The results must be replicated, of course, and it remains to be seen whether they will hold up in larger groups of women at different ages or with different symptoms, Osteen said. As usual, it’s hard to predict whether basic science will someday translate into successful new drugs.
But the study is important because it shows the power of a new method now being used to probe a complex disease. The type of modelling championed by the M.I.T. group represents a move away from reductionism and toward an effort to “embrace the complexity of biological systems,” Kevin Haigis, an expert in systems biology at Harvard Medical School, said. The researchers worked with tissues that came from patients, rather than cells cultured in a petri dish, meaning that they were able to probe how cells behaved in their native environment.
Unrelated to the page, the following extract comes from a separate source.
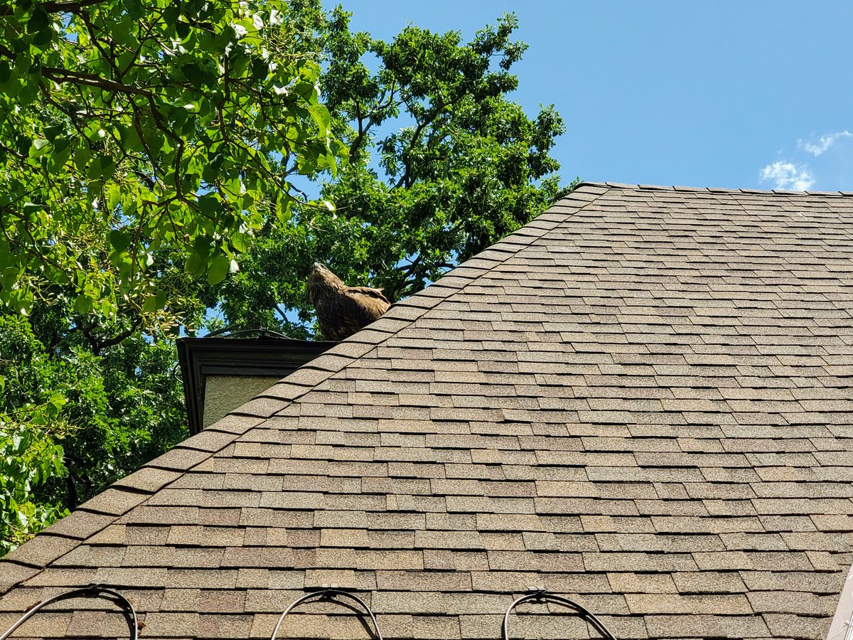 My house this morning... topped by the fledgling bald eagle from the nest down the block.pic.twitter.com/6hMcpB62qC

They then used multivariate mathematical modelling to identify the group of signals correlated with the disorder. That analysis is what gives the work an engineering flavor, Haigis said. This method is especially well-suited to vexing problems like inflammation, which is a hallmark of many diseases. One of the best examples is endometriosis.
This is a remarkable development for a disorder that has existed largely in the shadows. It has never been an easy one to discuss, after all. It often emerges in the form of painful periods or pain during sex. It can also trigger gastrointestinal problems, such as diarrhea and constipation, when uterine tissue grows on the bowel. To diagnose it definitively, women must undergo surgery and have the excised tissue analyzed. A few years ago, Griffith said her niece exhibited classic symptoms that her female gynecologist “completely dismissed. … My sister was told she was making up symptoms to get out of school. But my niece loved school.” Even in scientific circles, it can be hard to talk seriously about the disease and its debilitating effects. Scientists will “talk about breast cancer without batting an eye. But you cannot talk about menstrual problems,” Griffith said. “It’s the third rail, and that needs to change.”